植物繊維強化カーボンセラミックス複合材料では, 不均一な長さの強化繊維が母材内を分散することで幾何学的には複雑な内部構造を形成する. このような複合材料の内部構造に対して均質化法は, 周期性の仮定が難しいことから不向きと考えられる. そのため, 三角形要素による要素分割の適用が望ましいが, セラミックス複合材料の強度評価には曲げ試験が適用される. 三節点一次要素を用いたFEM解析は, 曲げ変形の解析精度が不十分である. また, FEM解析に母材と強化繊維間の界面接着を取り入れる方法に界面要素の適用があるが, 二重節点の作成が不要な界面要素は, 要素分割時の効率化や直接法ソルバーとの親和性向上の観点から有効である.
以上のことから, 本研究では, 植物繊維強化カーボンセラミックス複合材料の曲げ変形解析に対する高精度化, 要素分割時の効率化や直接法ソルバーとの親和性向上を目的とし, 曲げ変形の解析精度を高めた回転自由度を有する三節点三角形要素 (以降, RGNTri3と称す) に拡張有限要素 (以降, XFEMと称す) のヘビサイド関数を界面節点にのみ適用することで, 回転自由度を有する三角形界面要素 (以降, RGNTriI3と称す) を開発した. RGNTriI3は, 二重節点の作成が不要であり, その要素剛性マトリックスは三角形要素と界面要素から構成されている. そのため, 本研究ではRGNTriI3を「三角形界面要素」と呼んでいる. 本論文では, まず, RGNTri3を用いた界面要素の剛性マトリックスをペナルティ法により導出している. 次に, RGNTri3の変位関数にXFEMのヘビサイド関数を適用し, RGNTriI3の三角形要素と界面要素の剛性マトリックスを定式化している. そして, 基礎的な数値解析例として, 繊維間距離が短い複合材料モデルにおける三角形一次要素とRGNTri3の解析精度およびRGNTriI3のペナルティ数を変化させた際の片持ち梁の変位解に対する差を検討している. 最後に, 提案法の植物繊維強化カーボンセラミックス複合材料に対する有効性の検討として, バガス灰と不均一な長さの炭化バガス繊維を用いた複合材料のき裂進展解析を行った. すなわち, FEM解析モデルを試験片観察および三点曲げ試験結果より作成し, 強化繊維の界面接着状態と分散状態を変化させたFEM解析より得られた三点曲げ試験における最大主応力, 曲げ強度およびき裂進展挙動を議論した. 本論文で得られた結論は以下のとおりである.

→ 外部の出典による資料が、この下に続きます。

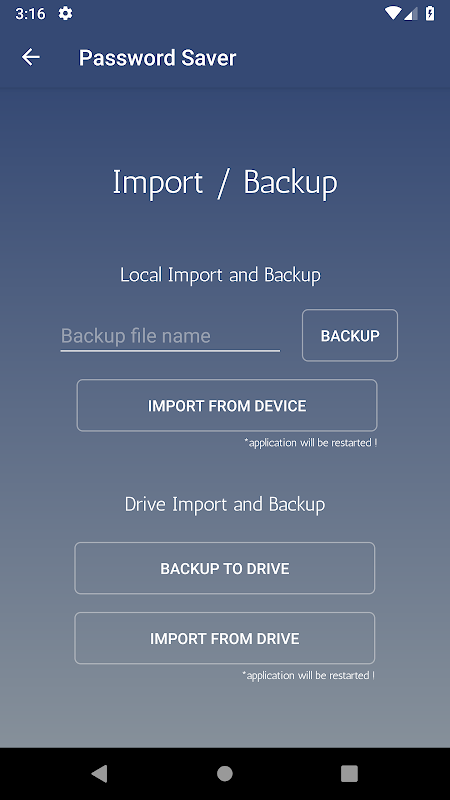- Easy Import and Backup with local storage and Google Drive. (GET PRO)
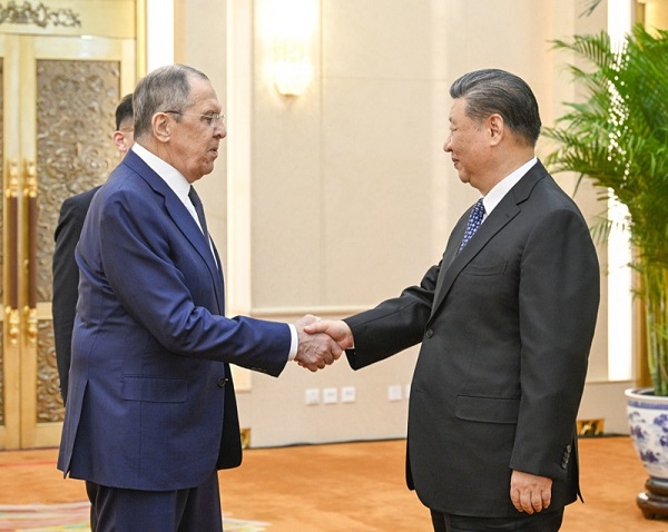 4月9日下午,國家主席習近平在北京人民大會堂會見俄羅斯外長拉夫羅夫。新華社記者 李學仁 攝
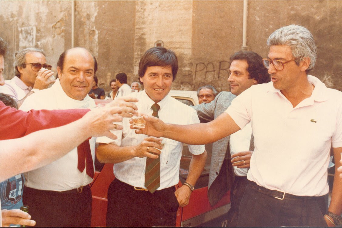Il regista Sergio Martino, sul set de “L’allenatore nel pallone”, brinda con Lino Banfi e “Picchio” De Sisti. Alle sue spalle, Andrea Roncato
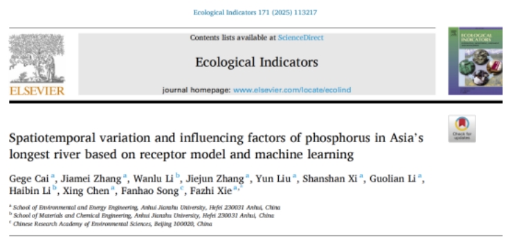 本网讯 近日,我校环境与能源工程学院博士研究生蔡格格同学作为第一作者在环境领域中科院一区TOP期刊《Ecological Indicators》在线发表了题为“Spatiotemporal variation and influencing factors of phosphorus in Asia’slongest river based on receptor model and machine learning”的科研论文,安徽建筑大学环境与能源工程学院为论文的第一完成单位和通讯单位。
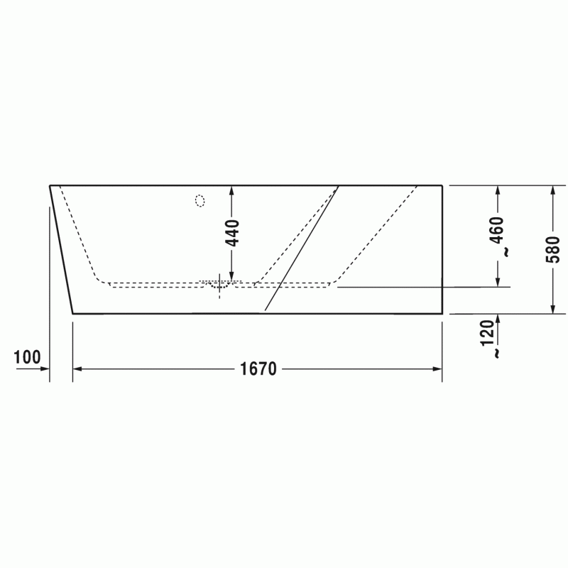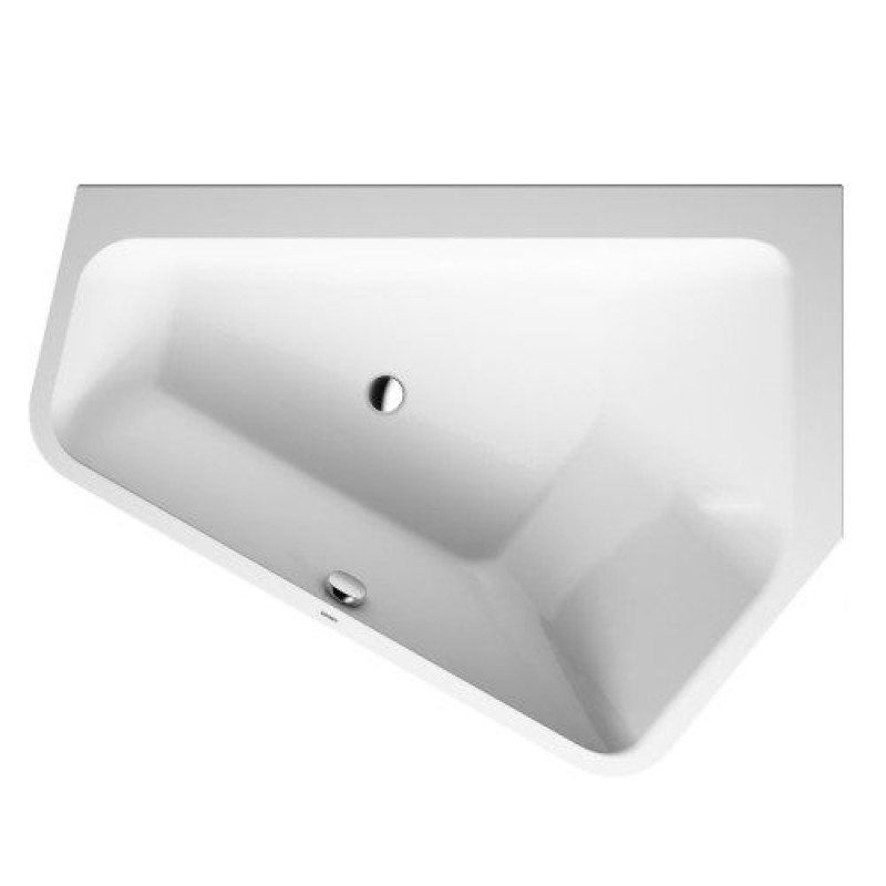 Duravit Paiova ванна асимметричная 177 см, с бесшовной акриловой панелью и опорной рамой, с двумя наклонами для спины, угол справа.
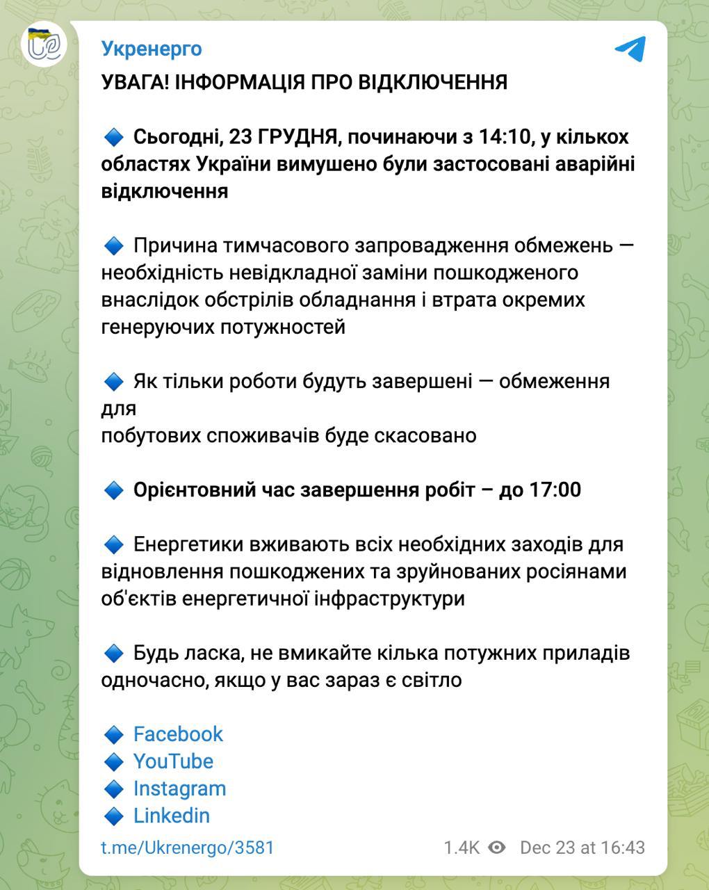 18:46 "Укрэнерго" отменило аварийные отключения во всех регионах.
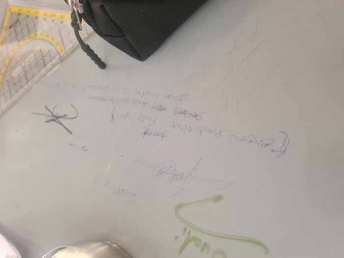 The image displays a close-up, angled view of a light-colored, possibly off-white or light gray, flat surface, situated in Jibb as-Safa, Syria. The surface is extensively marked with various handwritten inscriptions and abrasions. In the upper-left quadrant, a portion of a cylindrical, silver-colored metallic container, appearing to hold a white, fibrous material, is visible. Below and to the right of this, the name "Budi" is written in green, freehand script. Moving towards the center, multiple inscriptions in blue or black ink are present. These include the faint phrase "Fuck off," followed by "Everyone Read That." Further to the right, additional text reads "Fuck you" and "And F***ing Your mom is in my bed." A distinct, stylized asterisk or star symbol, rendered in black ink, is located in the upper-central area of the surface. The lower-right quadrant of the surface exhibits several fine, linear scratches. Partially visible in the upper-right corner is a segment of a yellow plastic protractor or ruler, marked with black numerical and increment lines. Adjacent to the protractor and resting on the surface is a black fabric pencil case or pouch, featuring a silver-colored zipper and a black fabric pull tab. No individuals are depicted.
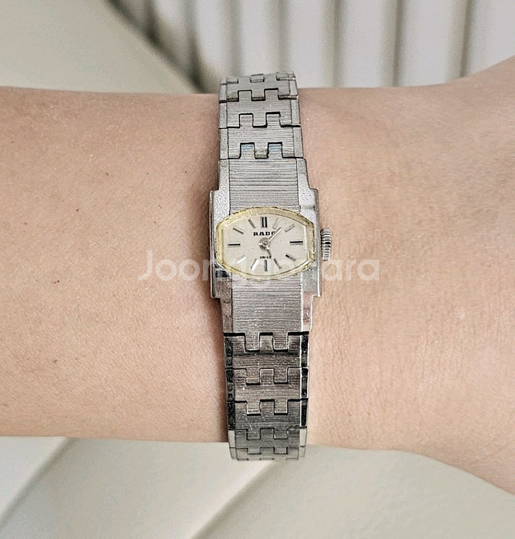 개인정보(거래정보)를 주고받는 행위는 사기에 노출될 수 있으므로 즉시 중고나라로 신고해 주세요정품 라도 빈티지 여성 오토매틱 시계입니다. 앤틱한 디자인이 매력 있습니다. 흔하지 않은 오토매틱상품이라 소장 가치 있습니다. 사용감 있고 용두감아 쓰는 오토매틱 시계입니다 정상작동합니다 단품이구요 본체가로 1.6cm 손목16.5cm

(1) RGNTriI3における界面要素は, 従来の界面要素と同じ解析性能であるため, 要素分割時に界面の二重節点の作成が不要であり, 一次要素よりも高精度であることが示された.
(2) バガス灰と炭化バガス繊維を用いた複合材料の最大主応力は, 強い界面接着では界面の強化繊維側, 弱い界面接着では界面の母材側に発生した. このことから, 母材のバインダー効果に起因する界面接着状態の変化を反映した母材と強化繊維間の応力伝達が解析可能であると認められた.
(3) バガス灰と炭化バガス繊維を用いた複合材料の曲げ強度は, 強い界面接着では実験結果と良く一致し, 弱い界面接着では実験結果よりも低くなり, いずれの場合も母材内の強化繊維の分散状態の変化に伴い変動した. このことから, 強化繊維の界面接着状態と母材内への分散状態の変化に伴い, 曲げ強度が変動する解析結果が得られた.
(4) バガス灰と炭化バガス繊維を用いた複合材料のき裂進展挙動として, き裂発生は, 母材と強化繊維間における応力伝達の差異により, 強い界面接着状態では界面の炭化バガス繊維側, 弱い界面接着状態では界面の母材側から発生した. その後, 両状態におけるき裂は, 炭化バガス繊維を貫通しながら試験片内部を進展する力学挙動が解析された.
以上のことから, RGNTriI3を用いることで, 要素の頂点節点のみで曲げ変形に対して高精度な解析性能を有し, 要素分割時に二重節点の作成が不要な界面要素を取り入れたFEM解析が可能になり, 植物繊維強化カーボンセラミックス複合材料の曲げ変形解析に対する有効性が明らかになった.